A verdade das massas
Foi em um outono de 2016, na tribuna da Câmara dos Deputados, que Jair Bolsonaro repetiu um de seus versículos preferidos: “E conhecereis a verdade, e a verdade vos libertará”. A frase, de forte apelo religioso, seria repetida por anos, ganhando contornos de slogan. Mas que verdade é essa? E, mais ainda: quem foi liberto?
O que se viu a partir dali foi a ascensão de um fenômeno político e social que passou a ser chamado de bolsonarismo. Embora pareça recente, esse movimento ecoa velhos fantasmas da história brasileira. Lembra o integralismo da década de 1930, com seus camisas-verdes, ultranacionalismo e retórica anticomunista. A novidade, se existe, está na roupagem digital e no uso sistemático de afetos como medo, ressentimento e ódio — poderosas ferramentas de manipulação das massas.
Sigmund Freud, ao analisar a psicologia coletiva, já advertia: “As massas nunca tiveram sede de verdade.

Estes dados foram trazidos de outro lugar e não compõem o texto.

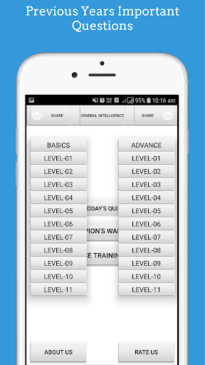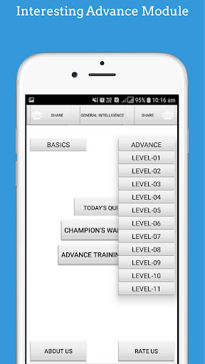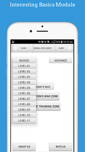 basics quiz and advance quiz. Each part having 11 levels, it also have 5 War Zone, and one advance training zone which gives you a bumper opportunity to increase your reasoning knowledge.
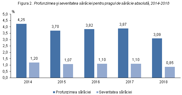 În anul 2018 profunzimea sărăciei a constituit 3,09%, ceea ce înseamnă că pentru depăşirea sărăciei, în condiţiile păstrării sau reducerii nivelului actual de inegalitate, este necesară majorarea consumului populaţiei în medie cu 3,09%. În același timp, severitatea sărăciei a constituit 0,85%. Ambii indicatori sunt în descreștere față de anul care precede anul de referință.
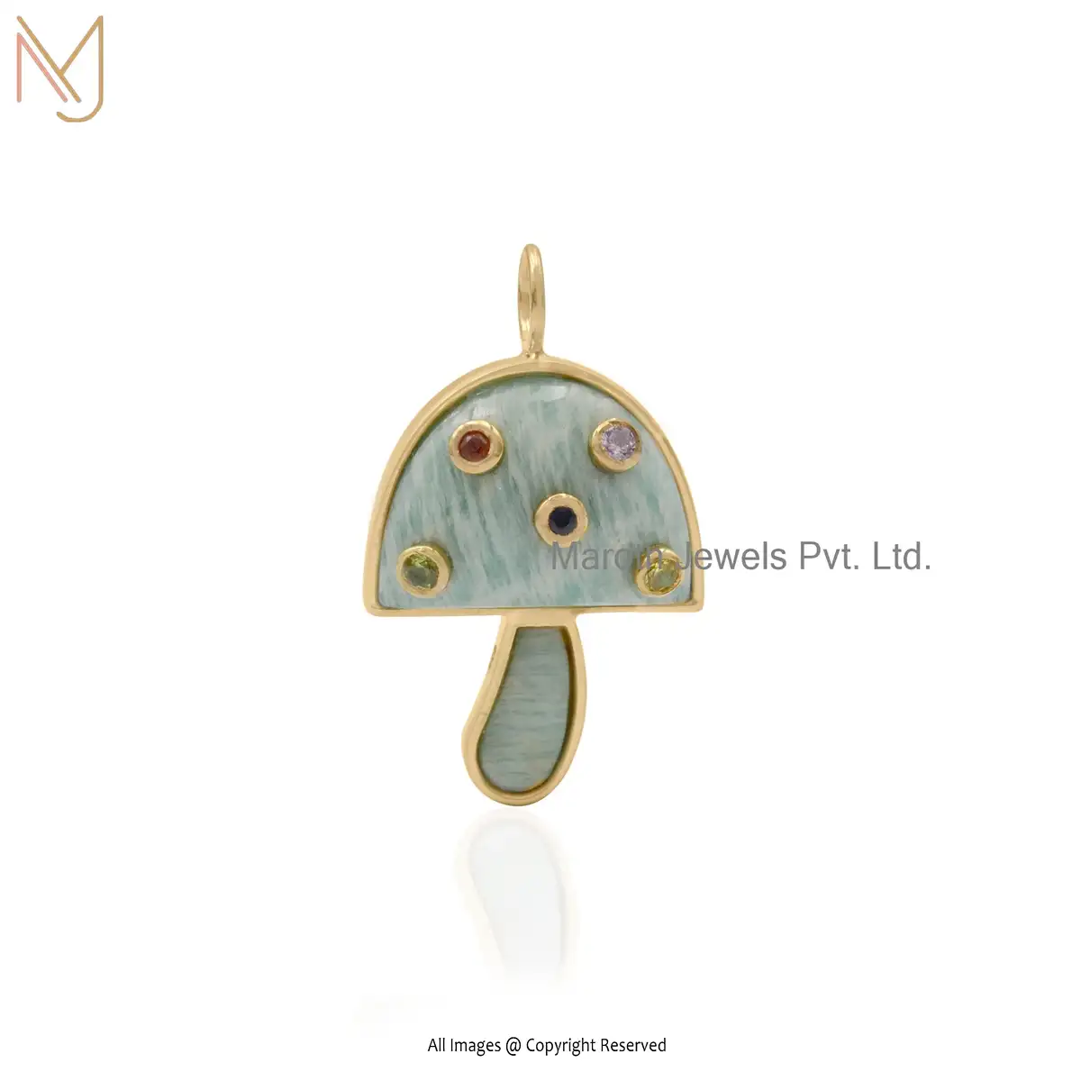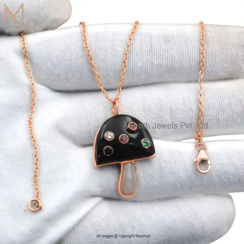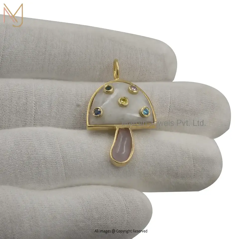 925 Silver Labradorite With Multi Synthetic Stones Mushroom Pendant Manufacturer

Requerem ilusões, às quais não podem renunciar. Nelas o irreal tem primazia sobre o real, o que não é verdadeiro as influencia quase tão fortemente quanto o verdadeiro”.
No bolsonarismo, o irreal muitas vezes se sobrepõe ao factual, e o mito do líder se sustenta mais pela fé do que pela razão. Não por acaso, ideias religiosas e a mitificação do chefe político ocupam lugar central no imaginário de seus seguidores.
A obra “O bolsonarismo e a repetição do mesmo: atualizações de um fascismo em verde e amarelo”, do psicanalista e jurista Domingos Barroso da Costa, oferece uma chave de leitura importante para esse cenário. Ao abordar o fenômeno sob uma lente psicanalítica, o autor identifica nas estruturas de nossa sociabilidade — marcadas pelo autoritarismo e pela herança escravocrata — os alicerces de um movimento que não apenas dividiu o país, mas quase nos impôs um novo golpe.
Lançado em Porto Alegre, o livro é leitura essencial para quem busca entender os impasses da política brasileira contemporânea — e a complexa verdade que, ao invés de libertar, tantas vezes serve para aprisionar.